- Born: Ivan Vasilyevich Novopokrovskiy Иван Васильевич Новопокровский 7 December 1880 Mikhaylov
- Died: 30 May 1951 (aged 70) Rostov-on-Don
- Occupation: botanist

= Ivan Novopokrovskiy =

Botanist

Ivan Vasilyevich Novopokrovskiy (Иван Васильевич Новопокровский; 7 December 1880, Mikhaylov — 30 May 1951, Rostov-on-Don) was a botanist and a specialist in the field of botanical geography and systematics of higher plants.

== Biography ==
Ivan Vasilyevich Novopokrovskiy was born on 7 December 1880 in Mikhaylov (present-day Ryazan Oblast). In 1904 he graduated from the Natural Department of the Physics and Mathematics Faculty of Moscow University. In 1920—1931 he was a Professor in Novocherkassk Institute of Agriculture and Melioration. Until 1934 he was a professor at Krasnodar Agricultural Institute.

From 1934 to 1944 he worked in Rostov-on-Don State University (RSU), where he was the head of the Department of Botanics and Dean of the Faculty of Biology. In 1936 he founded (with the participation of Professors A. Flerov and V. N. Vershkovsky) Herbarium of the Rostov University.

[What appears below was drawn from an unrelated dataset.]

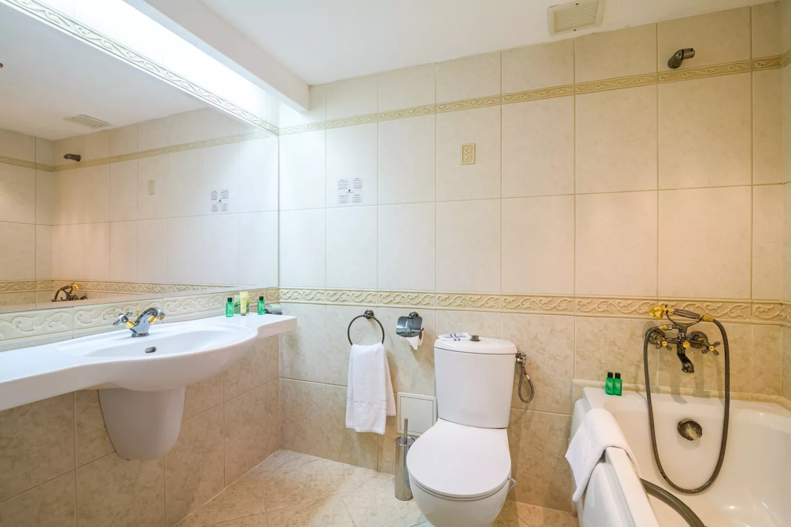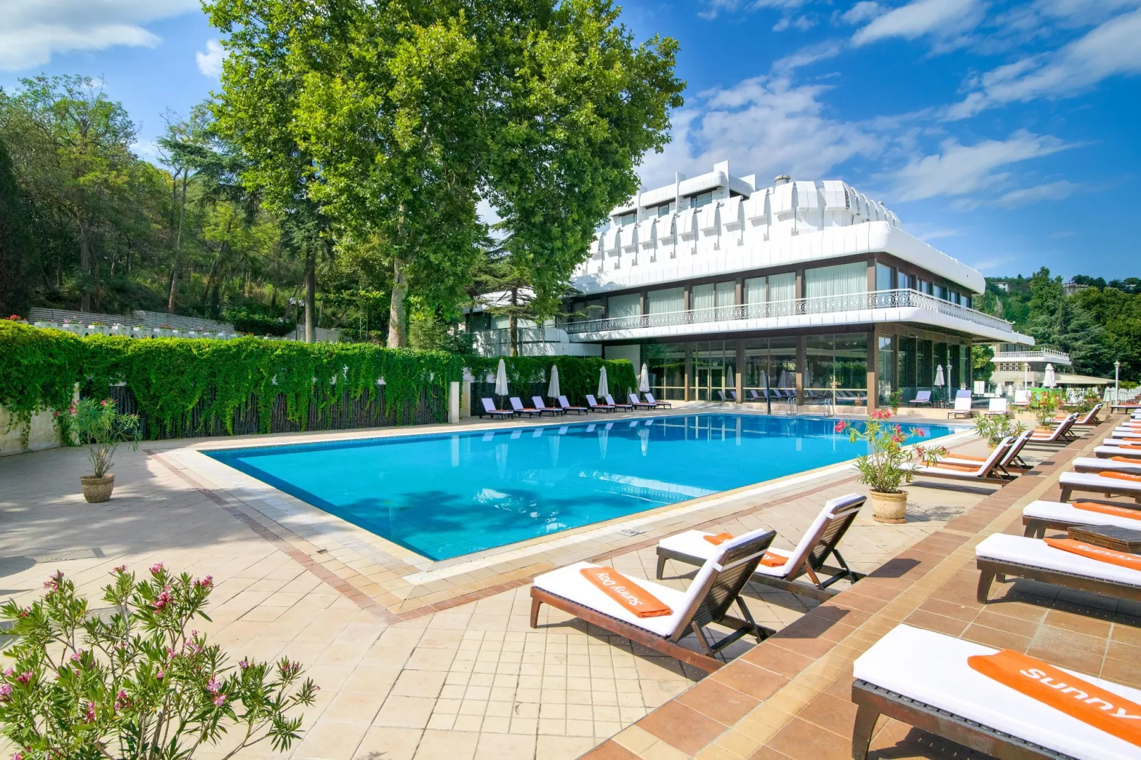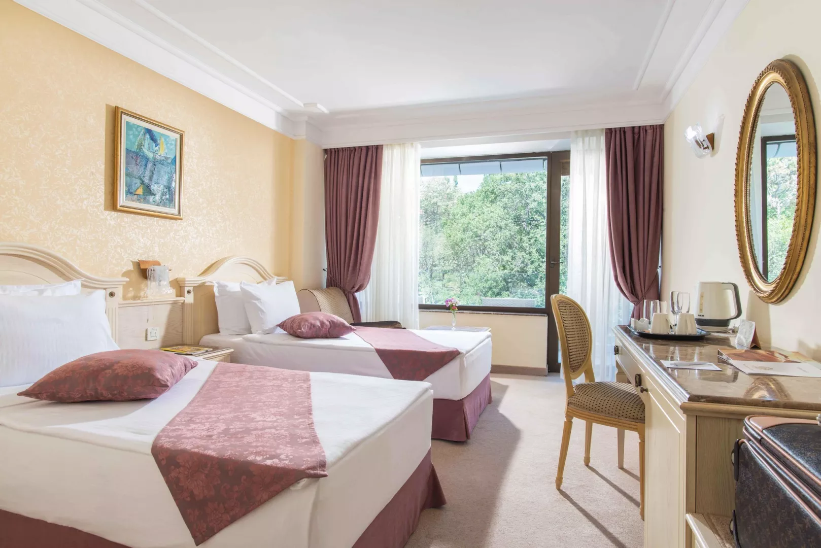 Dvojlôžkové izby sú vybavené kúpeľňou/WC (so sušičom vlasov), centrálnou klimatizáciou, TV/SAT, telefónom, minibarom (za poplatok), setom na prípravu kávy a čaju a balkónom. K dispozícii sú rôzne typy izieb: s výhľadom na park alebo na more, vrátane priestrannejších izieb Deluxe s obývacou časťou.

He also worked at Donskoy Polytechnic Institute (Novocherkassk) and in the North Caucasus Department of the State Institute for the Study of Arid Regions. Since 1945 he worked at the Botanical Institute of the USSR Academy of Sciences (Leningrad), where he was in charge of the Central Asian herbarium.

In the years 1935—1942 he was persecuted by the Stalin regime.

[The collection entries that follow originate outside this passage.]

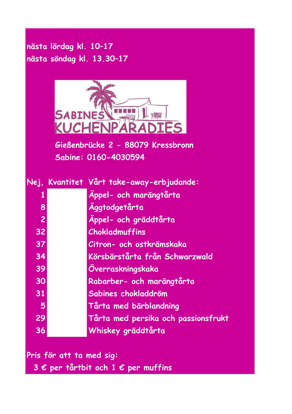 Helgprogrammet visas här, så att du kan välja i förväg och göra en reservation med Sabine på 0160-4030594 eller via Whatsapp så att du kan hämta den senare om det behövs. Om du beställer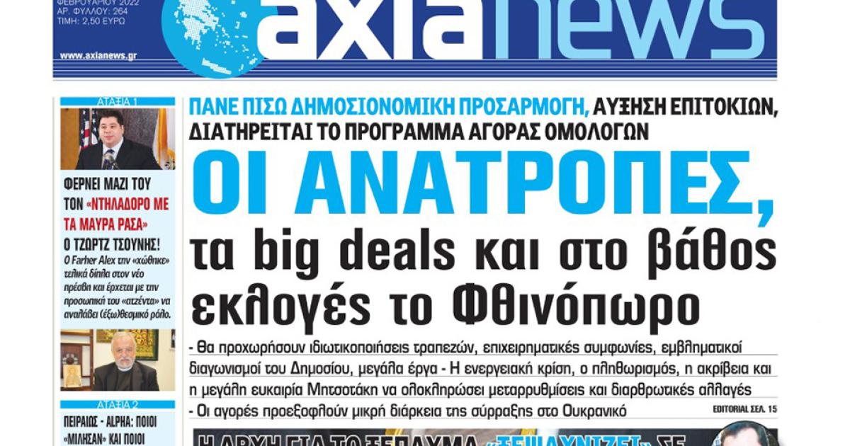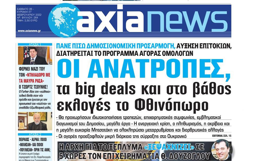 Με τίτλο: «Οι ανατροπές, τα big deals και στο βάθος εκλογές το φθινόπωρο» κυκλοφορεί αύριο, Σάββατο 26 Φεβρουαρίου, η «Axianews».
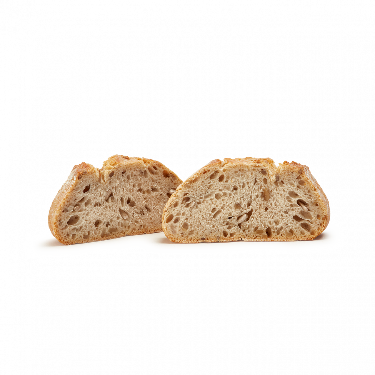 El resultado final es un pan de sabor pronunciado con acidez equilibrada sin restar un ápice de intensidad a las semillas.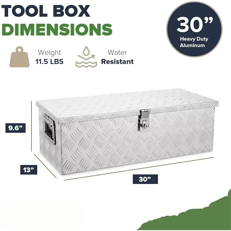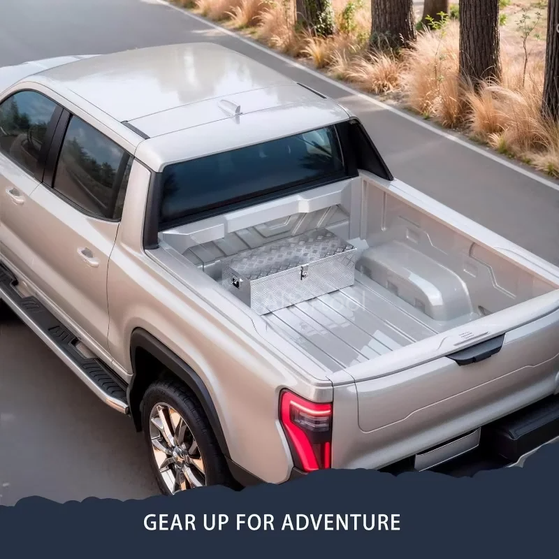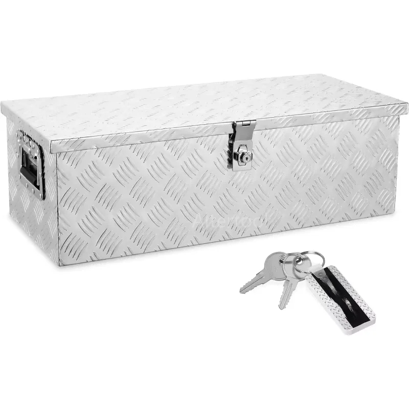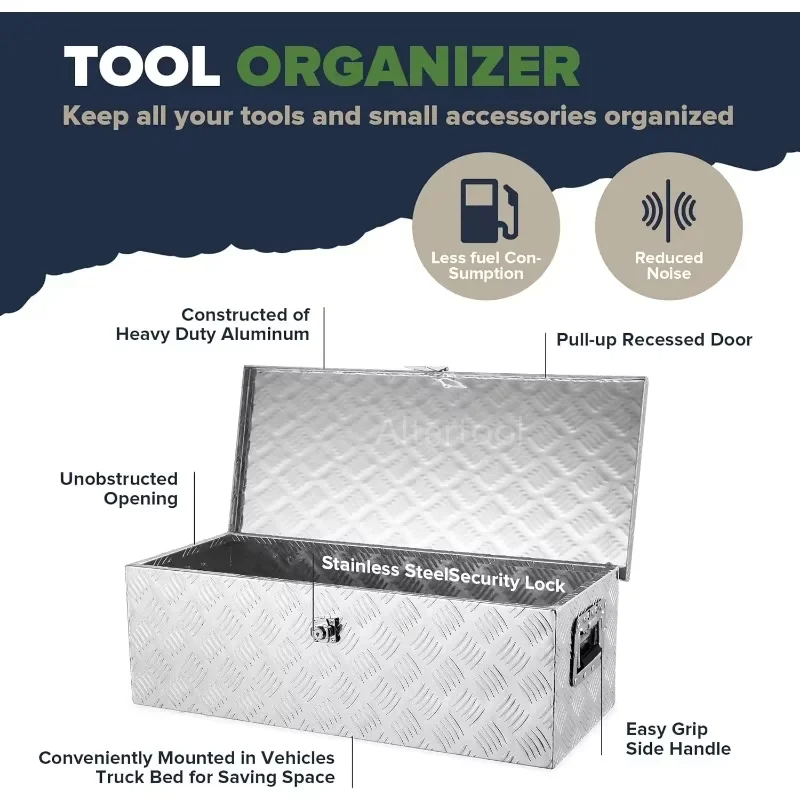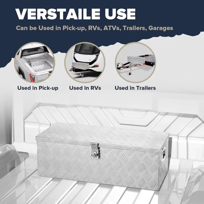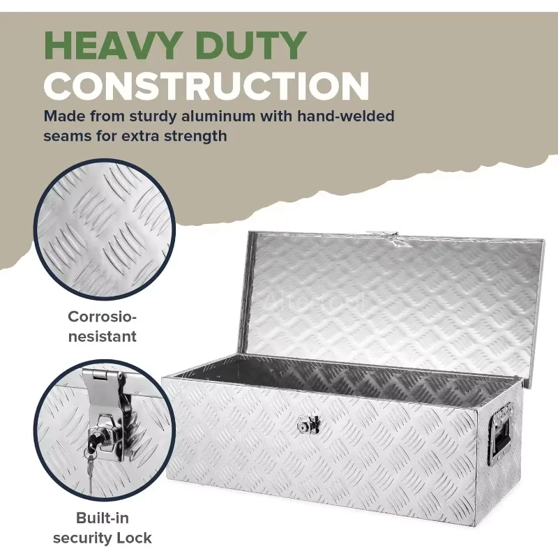 - Industrial-Grade Construction Built with a rugged 5-bar tread aluminum plate, this toolbox provides exceptional resistance against impact, warping, and corrosion. The textured surface not only adds structural reinforcement but also provides a non-slip finish, ensuring the box maintains its integrity even in harsh working environments.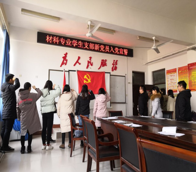 近期,材料与化工学院各个学生党支部于1月11日至14日在二号实验楼543和526分别举行“预备党员入党宣誓大会”。参加会议的有我院各学生党支部书记和全体学生党员。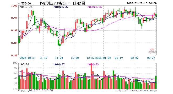 2月27日科创创业ETF嘉实(588400)份额减少1800.00万份,最新份额16.51亿份,最新规模15.74亿元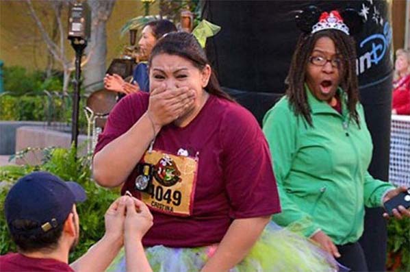 This passer by is, apparently, more surprised by this wedding proposal than the bride to be…

He spoke several foreign languages.

=== Scientific work ===
Novopokrovskiy studied flora and vegetation of the southeastern European part of the USSR. He is today known for his work on the systematics of some genera of plants from the family of Compositae and the family of Broomrape, among which he described many new species. He is the author of more than 120 scientific works, including "Zonal types of steppes of the European part of the USSR", "Vegetation of the Rostov region", "Quarantine weeds of the Rostov region".

== Memory ==
In 1985, in connection with the 70th anniversary of Rostov State University and in recognition of Ivan Novopokrovsky's merits for the organization of the University's herbarium, the Herbarium of Rostov University was named after him. This is one of the largest herbariums in whole of Russia.